The trust that manages health care for Chrysler retirees wants Sergio Marchionne to pay as much as possible for the trust's pool of Chrysler stock.
Marchionne -- in his role as CEO of Fiat S.p.A., which owns 58.5 percent of Chrysler -- wants to pay as little as possible.
That's the essence of a battle shaping up between the UAW retiree health care trust -- known as the UAW Voluntary Employees' Beneficiary Association -- and Marchionne.
Late last month, Marchionne hardened his position when Fiat filed suit in Delaware asking a judge to set a value of the Chrysler stock held by the VEBA. Fiat wants to exercise an option for 3.3 percent of Chrysler's stock held by the VEBA.
The trust's pool of Chrysler shares accounted for about a third of the fund's assets in 2010. So the value of the stake bears significantly on the financial health of the trust and its ability to meet its long-term obligation to pay the health care bills for 65,000 retirees and their spouses.
Here are the key numbers in the face-off:
3.3: the percentage of Chrysler stock Fiat wishes to purchase from the VEBA. That's a small portion of the 41.5 percent of the Chrysler shares held by the VEBA.
$139.7 million: the amount that Fiat wants to pay for the additional shares, which would raise its ownership of Chrysler to 61.8 percent.
$2 billion: The difference between two prices -- the $5 billion maximum value of the VEBA’s entire 41.5 percent stake in Chrysler, according to market sources; and the $3 billion maximum price that the VEBA could get from Fiat under the terms of its original 2009 agreement, according to Marchionne.
Marchionne said Fiat turned to the Delaware court after Fiat and the VEBA were unable to agree on a price for the 3.3 percent stake.
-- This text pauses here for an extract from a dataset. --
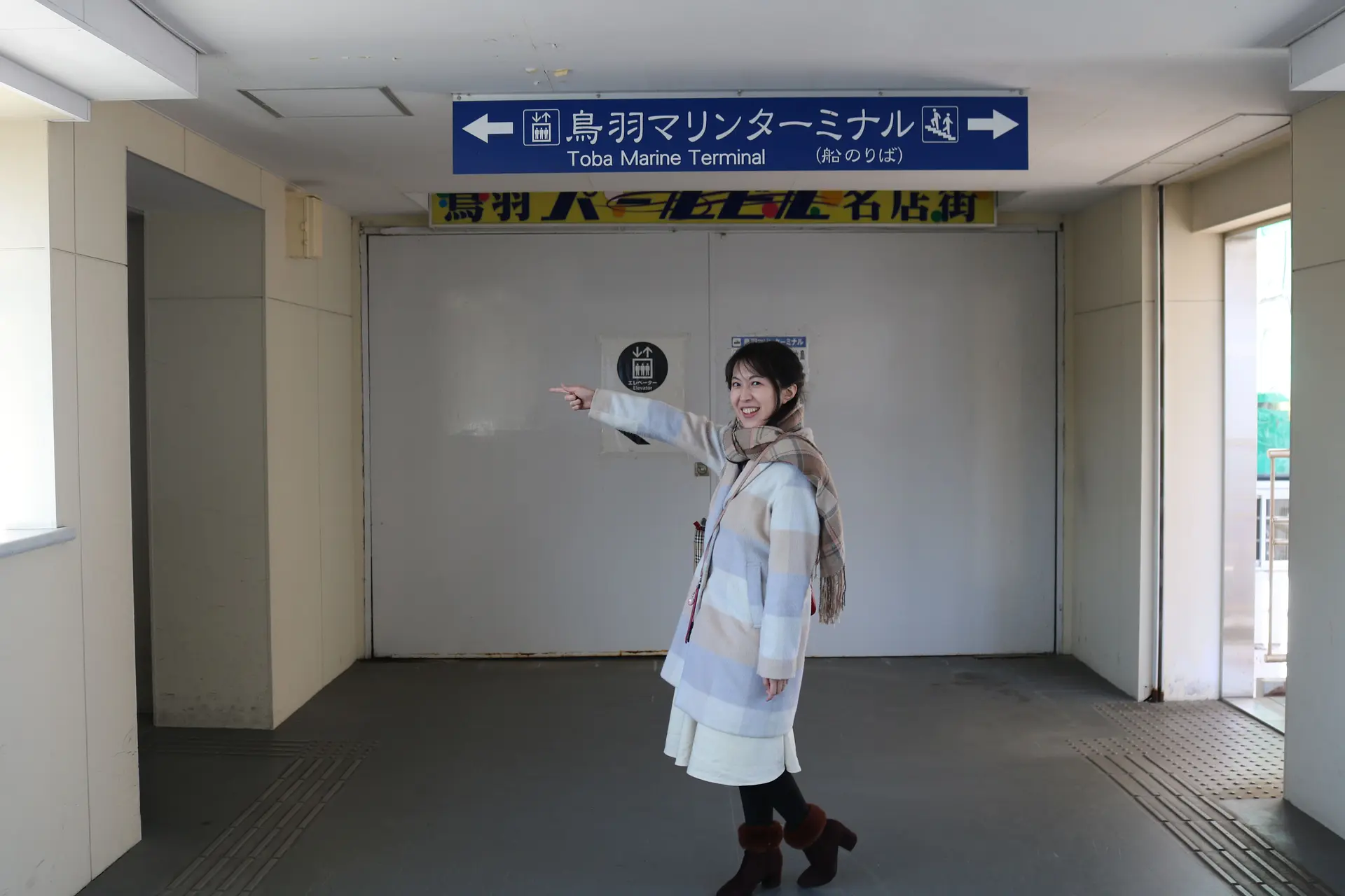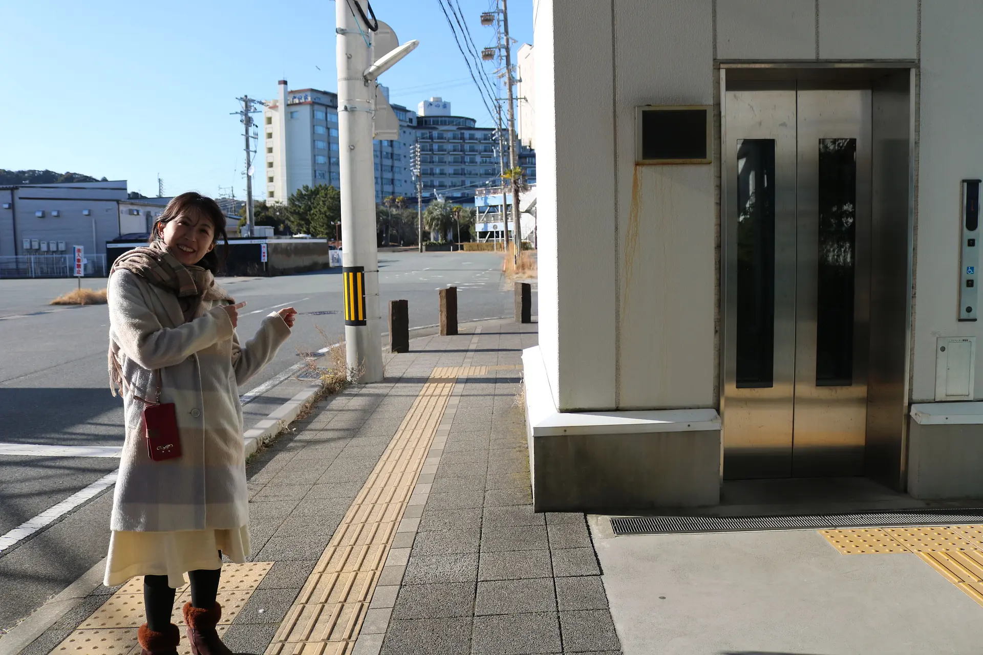 まず鳥羽駅の連絡橋を渡ると、エレベーターがあるのでそこを降りてください。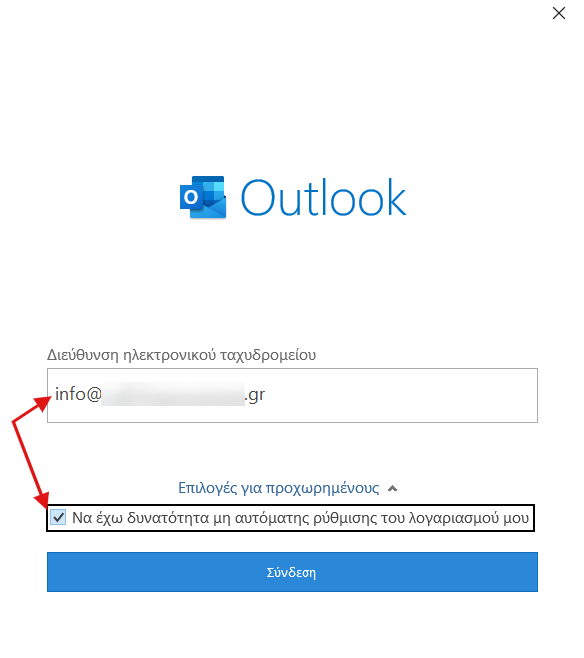 - Τη διεύθυνση e-mail σας (π.χ. info@yourdomain.tld)

He later told reporters that the litigation would not affect Fiat's planned merger with Chrysler, expected in 2014.
A spokesman for the VEBA said the trust "will be making no public statement" and referred any questions to Brock Fiduciary Services, a third-party fiduciary that oversees the VEBA's current 41.5 percent of Chrysler stock.
A spokesman for Brock in New York said the fiduciary would have no comment.
The legal dance between Fiat and the UAW comes on the eve of the trust's opportunity to require Fiat to take Chrysler public by forcing registration of its remaining equity stake, perhaps as early as January.
The 2009 master agreement involving Fiat, the VEBA, and the Canadian and U.S. governments grants the health care trust the right to sell its remaining ownership of Chrysler on the open market beginning in 2013. That means that the VEBA can force Chrysler to go public next year.
While the stock remains unlisted, it can't be sold publicly to pay the bill for benefits and expenses. The plan paid out more than $685 million in benefits and expenses in 2010, the most recent year for which data are available.
The legal dispute between Fiat and the VEBA boils down to money, said analyst Joe Phillippi, of Auto Trend Consulting.
Phillippi said investment bankers counseling Fiat and the VEBA are going to have different opinions on the value of Chrysler, especially considering the automaker's impressive 30-month run of year-over-year sales gains.
Phillippi said: "Clearly, the parties are quite far apart, and it's likely to stay that way for a while."